Conservative politicians and writers in the United States talk about the dignity of work when arguing for looser labor regulations and reduced social welfare protections for people who do not work. Because there is dignity in work, they say, they want to eliminate artificial barriers to employment like minimum wage laws. When, in 2019, the Trump administration tightened rules that require adults who receive public food assistance to have jobs, Secretary of Agriculture Sonny Perdue, whose department oversaw the program, claimed that stricter work requirements would “restore the dignity of work to a sizable segment of our population.” More liberal politicians have made similar arguments. President Bill Clinton, in signing a welfare reform bill in 1996, stated that unconditional public aid “exil[ed]” recipients “from the world of work.” Work, Clinton continued, “gives structure, meaning and dignity to most of our lives.” It’s certainly true that workers feel a measure of pride in having a job and providing for themselves and their families. But Perdue’s and Clinton’s approach also depresses wages and undercuts workers’ ability to demand better conditions. It is as if dignity were reward enough.
This pro-market view of the dignity of work isolates workers as individuals and then puts pressure on them to keep earning their dignity, because their dignity is not assured in advance. This view also encourages derision for anyone who cannot find work, or who cannot work at all due to age, illness, or disability. It puts additional pressure on workers who cannot rely on their identity as white or male or native-born for social esteem. And as we saw in the case of Booker T. Washington in chapter 5, people become anxious when their dignity is perpetually in question. They’ll do anything to hang onto a job not only because it’s their economic lifeline, but because their social standing is at stake. In a society that views work as the means to prove their value, they’re going to work harder, exposing themselves to the physical and psychological risks of labor, including burnout. All of this benefits bosses and owners of capital—at least, it benefits them right up until workers’ ability to do their jobs degrades and their productivity declines. Even then, so long as there are replacement workers available, the cost of churning and burning through employees eager to prove their dignity is relatively small.

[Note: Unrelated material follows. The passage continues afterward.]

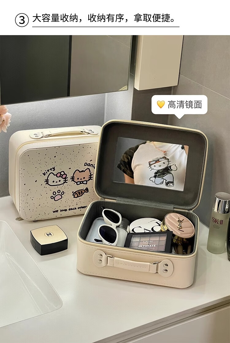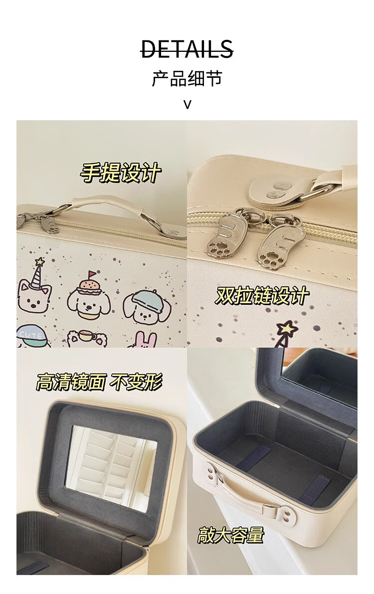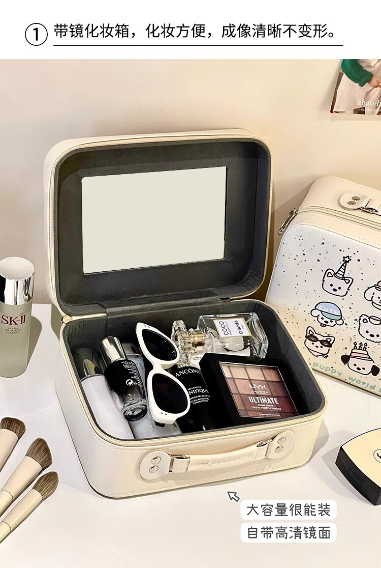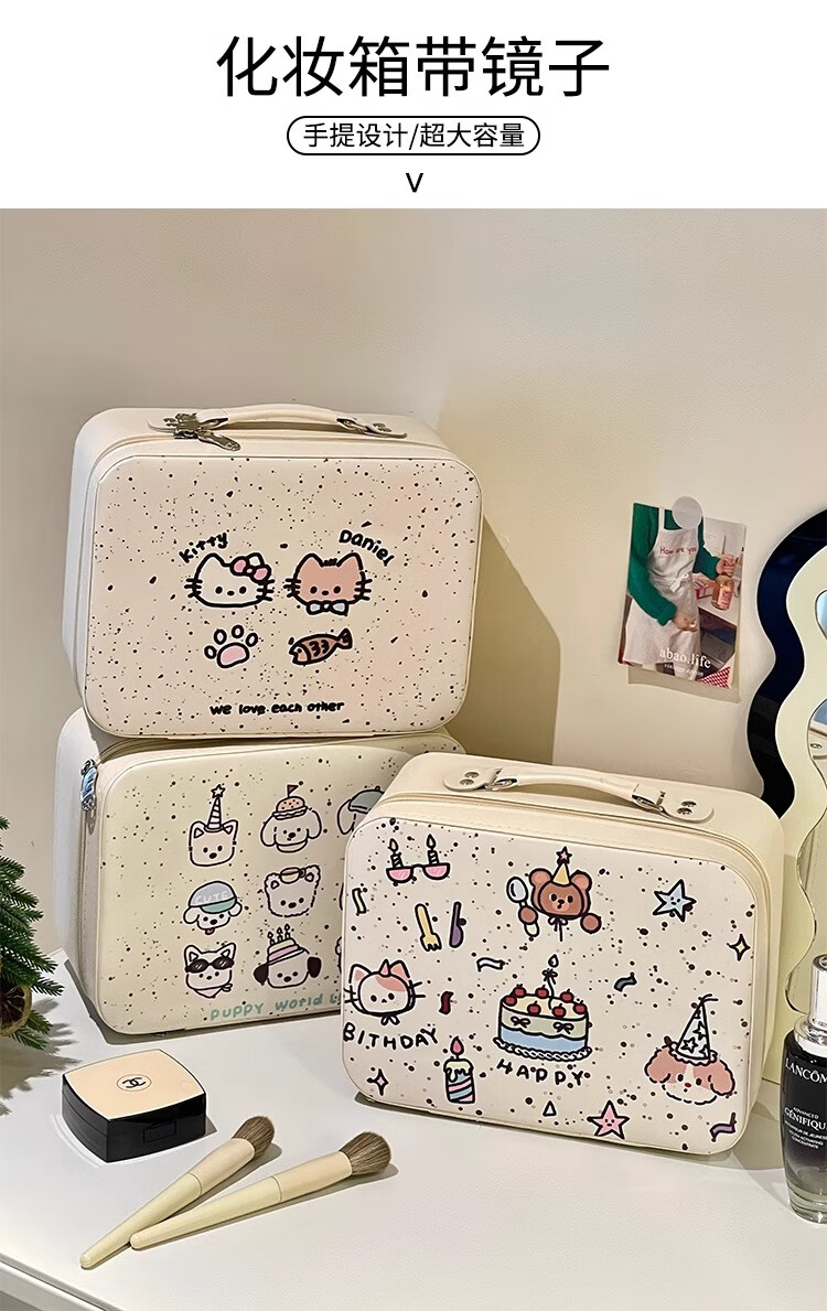 Eight sea birds cute cosmetic bag female niche carry-on suitcase large capacity mirror cosmetic case portable travel storage bag

Pro-labor politicians in the United States, most of them Democrats, take a different approach to the dignity of work. For them, dignity is not something people attain through their jobs, but something jobs attain when they meet workers’ needs. That means the dignity of work is less a permanent state than a political goal worth fighting for. Under this view, the labor people perform ought to be dignified with decent wages and protections for workers. For example, Ohio Senator Sherrod Brown based an entire slate of policy proposals, from a higher minimum wage to paid sick leave to education funding, on the idea of the dignity of work. “Dignity of work means hard work should pay off for everyone, no matter who you are or what kind of work you do,” reads the website for Brown’s 2019 Dignity of Work Tour. “When work has dignity, everyone can afford health care and housing. . . . When work has dignity, our country has a strong middle class.”
The call for work, and not the worker, to gain dignity is a first step toward closing the gap that causes burnout. It takes the pressure off workers to prove themselves and to hold their ideals and conditions in alignment, even as standard postindustrial business practices try to drive them apart. Employers, with the right push from government, have the power to dignify the work people do; that means they bear the responsibility for closing the gap from the working-conditions side. The culture as a whole, then, needs to push from the other, the side of ideals.